The U.S. dollar weakened sharply against the Japanese yen on Friday after the New York Federal Reserve conducted rate checks on the dollar/yen currency pair, according to a source familiar with the matter cited by Reuters. The move has fueled market speculation that U.S. and Japanese authorities may be preparing coordinated action to curb the dollar’s recent strength, as the yen has hovered near levels that historically trigger intervention concerns.
Around midday on Friday, the dollar was trading near 157.50 yen before tumbling to a four-week low of 155.66 later in the session. By the afternoon, the greenback was down roughly 1.6% at around 155.85 yen. Analysts said the sudden decline suggested that the rate checks may have unsettled markets and prompted traders to reduce long dollar positions amid fears of official intervention.
Rate checks are a well-known signaling tool used by monetary authorities. In such operations, officials ask market dealers what exchange rate they would receive if they entered the market. While no actual buying or selling occurs during a rate check, the practice often signals a readiness to intervene, which can influence market behavior almost immediately.
The New York Fed carried out the checks in its role as fiscal agent for the U.S. Treasury. The Treasury itself declined to comment on the matter, adding to the uncertainty surrounding official intentions. Meanwhile, traders have remained cautious as the yen has approached the psychologically important 160-per-dollar level, a zone widely seen as uncomfortable for Japanese policymakers.
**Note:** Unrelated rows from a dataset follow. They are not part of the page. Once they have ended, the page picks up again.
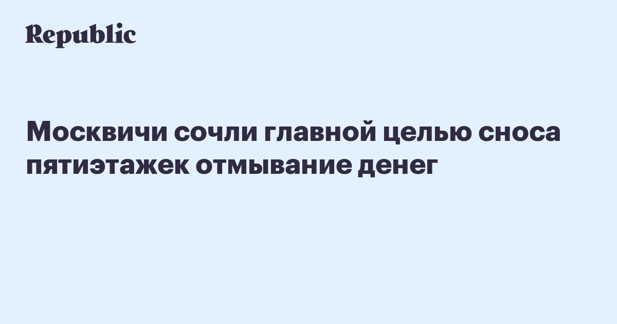 Москвичи сочли главной целью сноса пятиэтажек отмывание денег
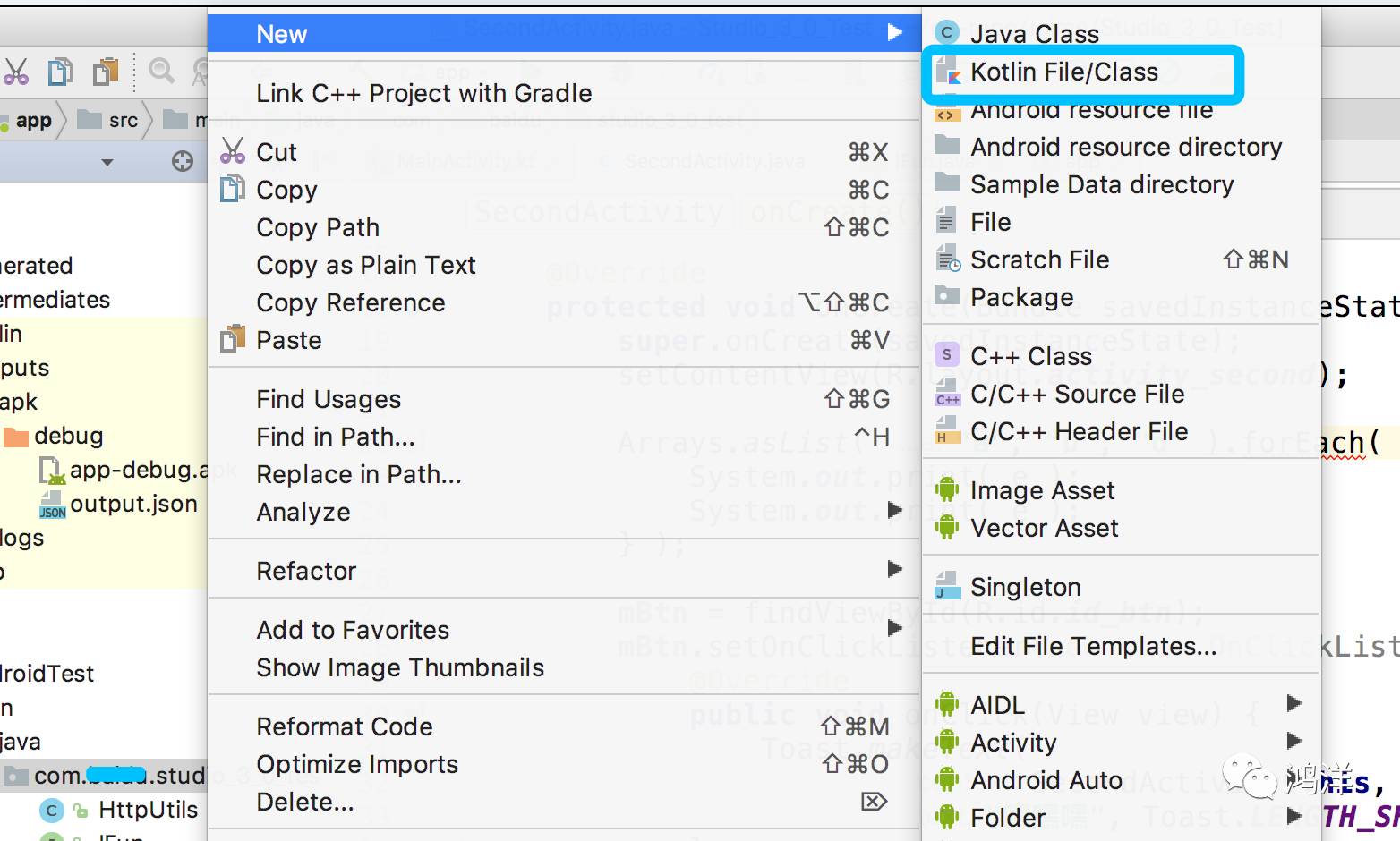 也可以在以前的项目中,直接New Kotlin File:
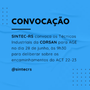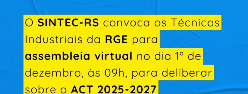 O Diretor-Presidente do SINDICATO DOS TÉCNICOS INDUSTRIAIS DE NÍVEL MÉDIO DO ESTADO DO RIO GRANDE DO SUL – SINTEC-RS, no uso de suas atribuições legais e estatutárias, convoca categoria dos Técnicos Industriais empregados da RIO GRANDE ENERGIA – RGE para ASSEMBLEIA GERAL EXTRAORDINÁRIA a realizar-se no dia 1º de dezembro de 2025, em formato virtual pela plataforma Google Meet (LINK DISPONIBILIZADO POR E-MAIL), às 08h30min em primeira chamada e às 09h00min em segunda chamada, para deliberarem sobre a seguinte ORDEM DO DIA:

Market participants will look for further clues in data set to be released by the Bank of Japan on Monday, which may help determine whether actual intervention occurred. Analysts noted that while U.S. involvement in what is typically a Japanese-led currency issue is unusual, it is not without precedent. The episode underscores growing global concern over excessive currency volatility and the potential for coordinated policy responses.